Provided entries:

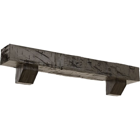 8" H x 12" D x 48" W Hand Hewn Faux Wood Fireplace Mantel Kit w/ Ashford Corbels, Burnished Honey Dew
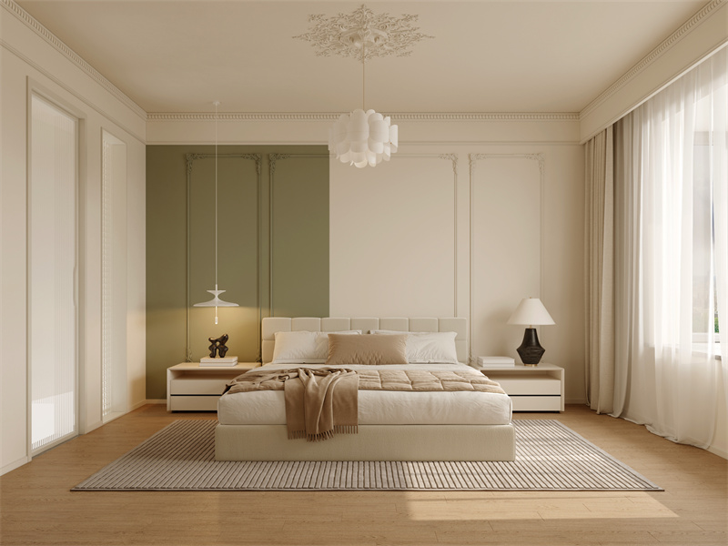 雕花吊顶、双色调背景墙打破单调,注入现代感。低饱和床品、线性光营造松弛氛围,用经典元素简化搭配实用功能,构建兼具仪式感与舒适感的睡眠私域。
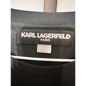 Make an unforgettable entrance in this striking Karl Lagerfeld Paris midi dress, brand new with original tags attached. Designed with a sleek black short-sleeve bodice and a dramatic colorblock pleated skirt, this dress blends modern sophistication with bold, fashion-forward flair.
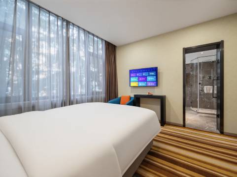 前台的小姐姐不仅漂亮还超温柔,早餐自助的小哥哥也超帅的。在去之前打电话咨询了两次,两位工作人员都非常热情耐心的解答了。入住也非常简单,工作人员提前预留好了房间,我到的时候已经晚上九点多了完全没有耽误一点时间就入住成功了。不仅升级了套房还有早餐优惠。打车啥的也超方便,即使我有轻微洁癖也挑不出什么毛病来。
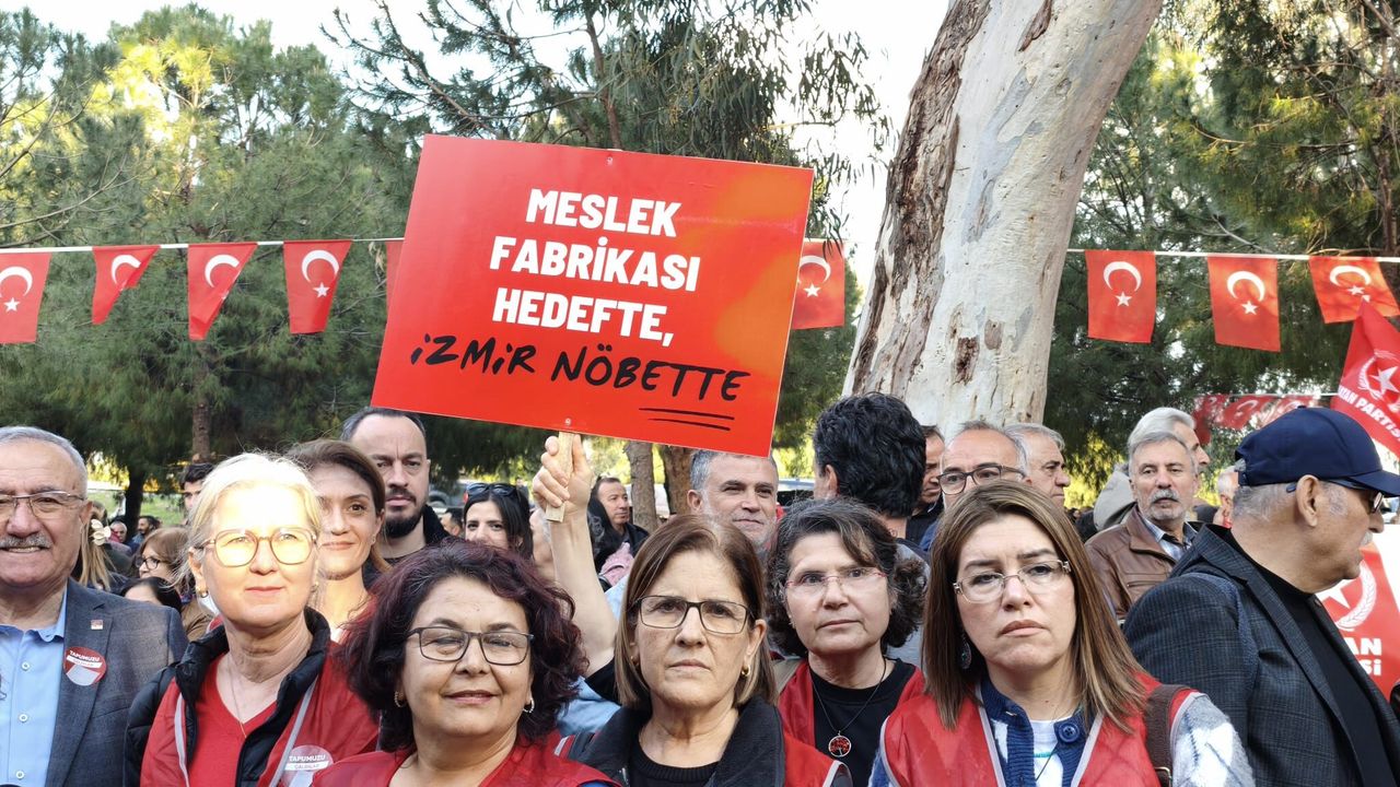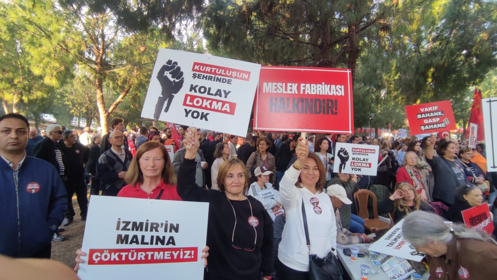 Meslek Fabrikası önünde tahliye sonrası başlatılan nöbet üçüncü gününe girerken, alandaki bekleyiş ve farklı kesimlerden destek açıklamaları sürüyor. Meslek Fabrikası için düzenlenen mitinge sendikalar ve vatandaşlar destek verdi.

Problem requirements:
Exactly reproduce the lines that run from the first line of the listing above to the line containing "雕花吊顶、双色调背景墙打破单", including both; omit the pictures.

Exercise output:
 8" H x 12" D x 48" W Hand Hewn Faux Wood Fireplace Mantel Kit w/ Ashford Corbels, Burnished Honey Dew
 雕花吊顶、双色调背景墙打破单调,注入现代感。低饱和床品、线性光营造松弛氛围,用经典元素简化搭配实用功能,构建兼具仪式感与舒适感的睡眠私域。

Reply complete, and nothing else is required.